Chao Jou

Personal information
- Born: 23 March 1995 (age 31)

Sport
- Country: Chinese Taipei
- Sport: Karate
- Weight class: 68 kg
- Events: Kumite; Team kumite;

Medal record
Women's karate
Representing Chinese Taipei
Asian Games
| Bronze medal – third place | 2014 Incheon | Kumite 68 kg |
Asian Championships
| Silver medal – second place | 2017 Astana | Team kumite |
| Bronze medal – third place | 2013 Dubai | Team kumite |
| Bronze medal – third place | 2015 Yokohama | Kumite 68 kg |
| Bronze medal – third place | 2019 Tashkent | Kumite 68 kg |
| Bronze medal – third place | 2023 Malacca | Team kumite |

= Chao Jou =

Taiwanese karateka (born 1995)

Chao Jou (born 23 March 1995) is a Taiwanese karateka. She won one of the bronze medals in the women's kumite 68 kg event at the 2014 Asian Games held in Incheon, South Korea. In 2018, she lost her bronze medal match against Kayo Someya of Japan in that event at the Asian Games held in Jakarta, Indonesia.

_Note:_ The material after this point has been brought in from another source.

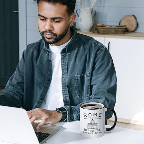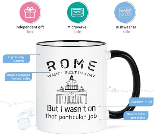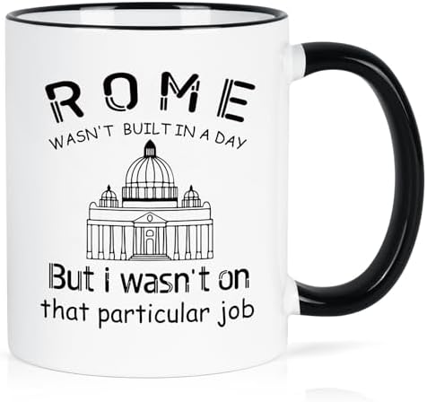 - FUNNY GIFTS FOR MEN WOMEN: The coffee mug with hilarious printing " Rome Wasn't built in a day, but I wasn't on that particular job " makes perfect gift for your friends, coworkers, bosses who are construction workers, engineers, architects, managers, builders. This funny coffee mug is sure to bring a smile to their face.

She won the silver medal in the women's team kumite event at the 2016 World University Karate Championships held in Braga, Portugal.

At the 2019 Asian Karate Championships held in Tashkent, Uzbekistan, she won one of the bronze medals in the women's kumite 68 kg event. In 2021, she competed in the women's 68 kg event at the World Karate Championships held in Dubai, United Arab Emirates.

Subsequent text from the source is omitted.